The linked site for this submission is branded/copyrighted Pluvior.

The previous submission linked to the domain
[https://pluvoir.netlify.app](https://pluvoir.netlify.app) (though this now
redirects to a dedicated domain - rainbowhunt.com).

The credits on the two sites look very similar:

[https://rainbowhunt.com/credits.html](https://rainbowhunt.com/credits.html)

[https://itsrainingday.netlify.app/credits.html](https://itsrainingday.netlify.app/credits.html)

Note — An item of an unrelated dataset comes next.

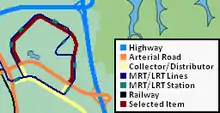 There are several ring roads in Singapore which aid relieving congestion on arterial road running through a town or area. These rings roads are usually served by a feeder bus service or complemented by a Light rail line, such as the Bukit Panjang LRT in Bukit Panjang.

On the previous submission, the author of the rain effect showed up to comment
about their work:
[https://news.ycombinator.com/item?id=23987120](https://news.ycombinator.com/item?id=23987120)

The only real difference with this submission is that it uses a different
library for the rain effect; this one uses rainyday.js by Marek Brodziak
instead - [https://modernweb.com/creating-a-realistic-rain-effect-
with-...](https://modernweb.com/creating-a-realistic-rain-effect-with-canvas-
and-javascript/).

I don't think there's enough new/original work here to count as a new Show HN.

------
verytrivial
I can personally endorse
[https://mynoise.net/NoiseMachines/campingRainNoiseGenerator....](https://mynoise.net/NoiseMachines/campingRainNoiseGenerator.php)
and the various presets for that shown on the right.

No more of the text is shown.